I had a 17 year old kid once, who was charged with a very minor theft. He was diverted from formal court on the condition that he was to do 10 hours of community service. He was intelligent and seemed to be just a "routine" case. The very afternoon of the day of his hearing, he strangled to death the girl who he stole from. Sick? Yes. Insane? Nope. Kid was another psychopath. When I got the call from the county police on the kid I told them to treat him as an adult. I called the DA and reccomended he be handled as an adult. Why? At 17 you/re supposed to know better, and he knew it. In fact, after my interview with him I tried vainly to get him out of diversion and into court. He SCARED me! He showed no emotion at all.

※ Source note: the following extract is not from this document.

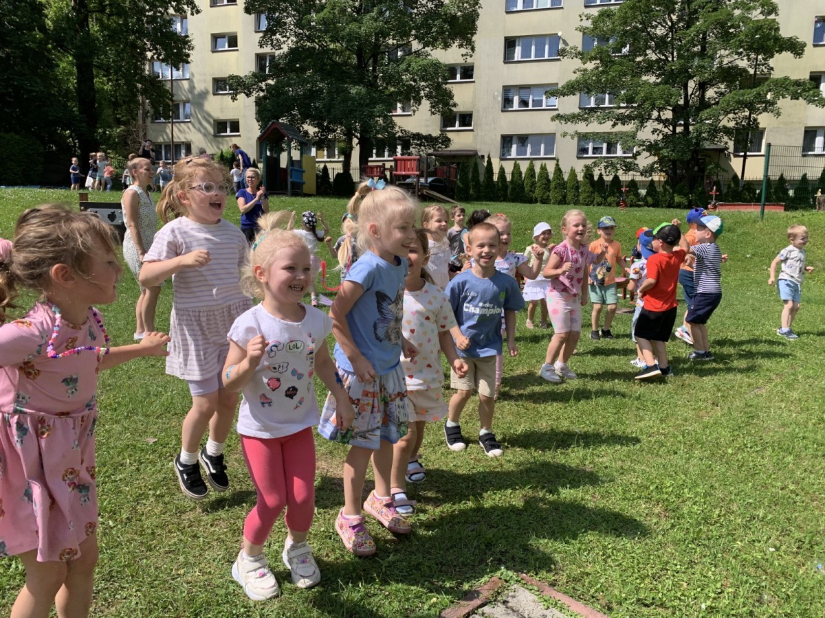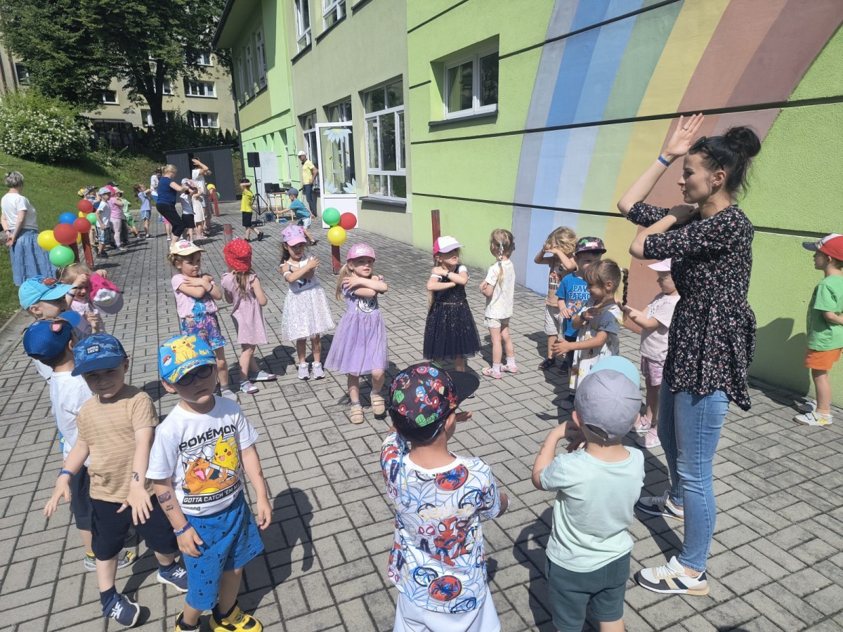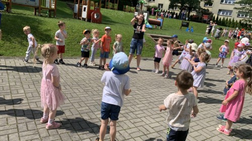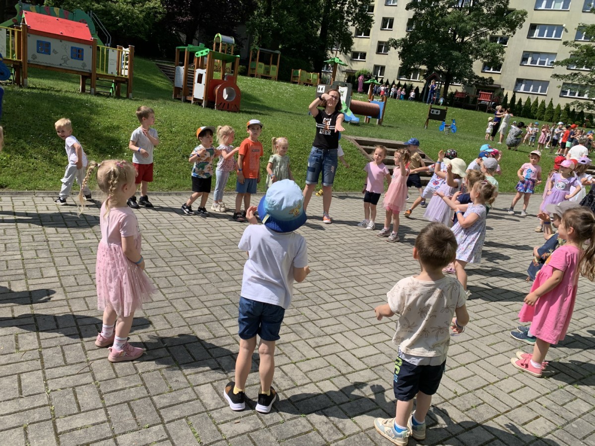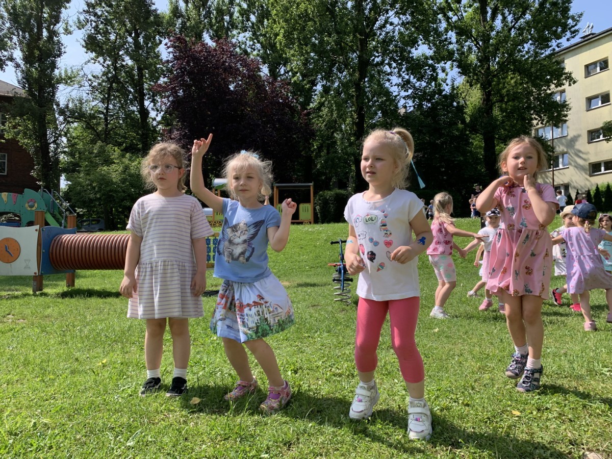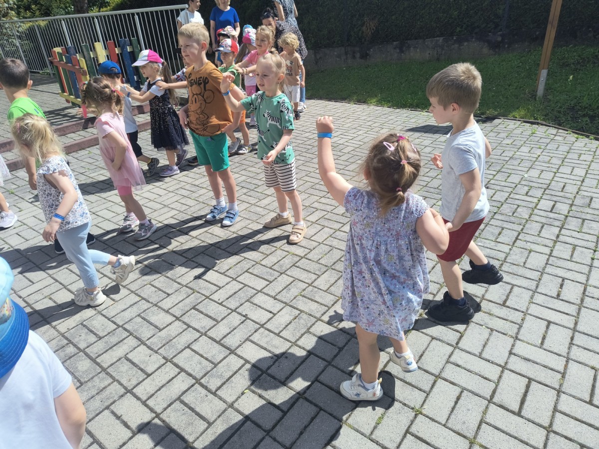 Dzieci tańczyły, śpiewały i radośnie integrowały się z koleżankami oraz kolegami z innych grup. Nie zabrakło też zabawnych, wspólnych układów tanecznych.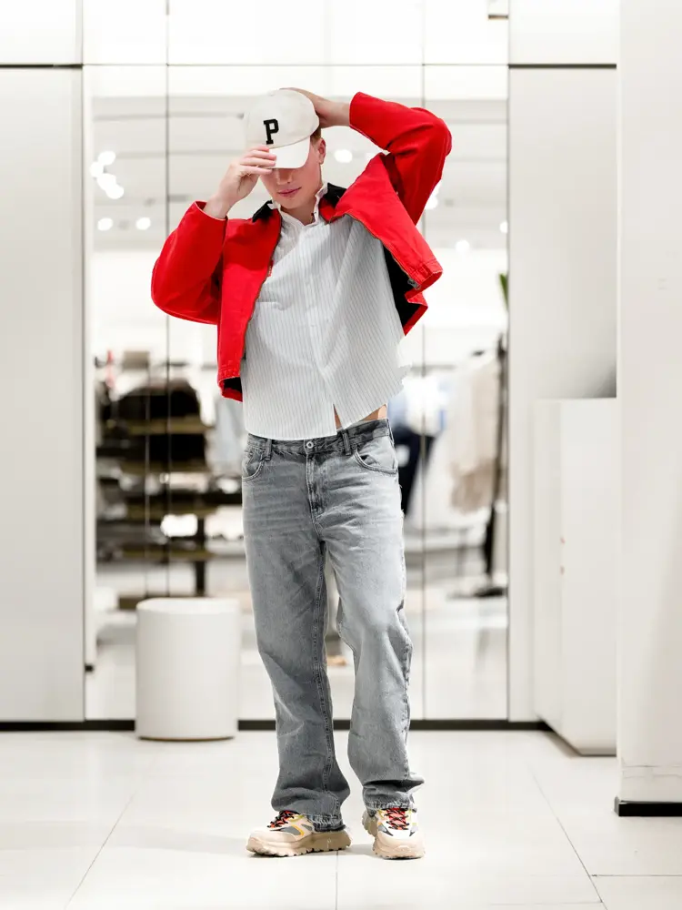 Bilde 1: Rød jakke 799,- fra Zara | Grå jeans 659,- fra Zara | Sko 499,- fra Zara | Hvit skjorte 499,- fra Zara | Hvit caps 259,- fra Zara. Bilde 2: Rød genser 499,- fra Zara | Blå jeans 499,- fra Zara | Sko 499,- fra Zara.

I had another kid who killed both his parents. I have to be circumspect about this case as everything is sealed and mo one is supposed to talk about it, but the situation was that there was serious dysfunctionality in the home situation of an unbelievable level. He was a good kid in a bad situation and one night he just couldn't take it any longer and snapped. I tried to keep him in the juvenile system, but because of his age and the nature of the crime he was handled as an adult. His lawyer entered a plea and negotiations were made to place him in Maryland's only facility for the criminally insane. But he hung himself in his cell after being there for two years. He really did not know what he was doing when he killed his parents. I firmly believe that and I was crushed when I heard he had killed himslf. I thought he was worth saving, I really did. He was a murderer with a gentle spirit thaat simply couldn't take the mental abuse any longer.

I'm rambling. bit my point is that not all murderers are sick although some of them are and it depends greatly on the circumstances surrounding the murder.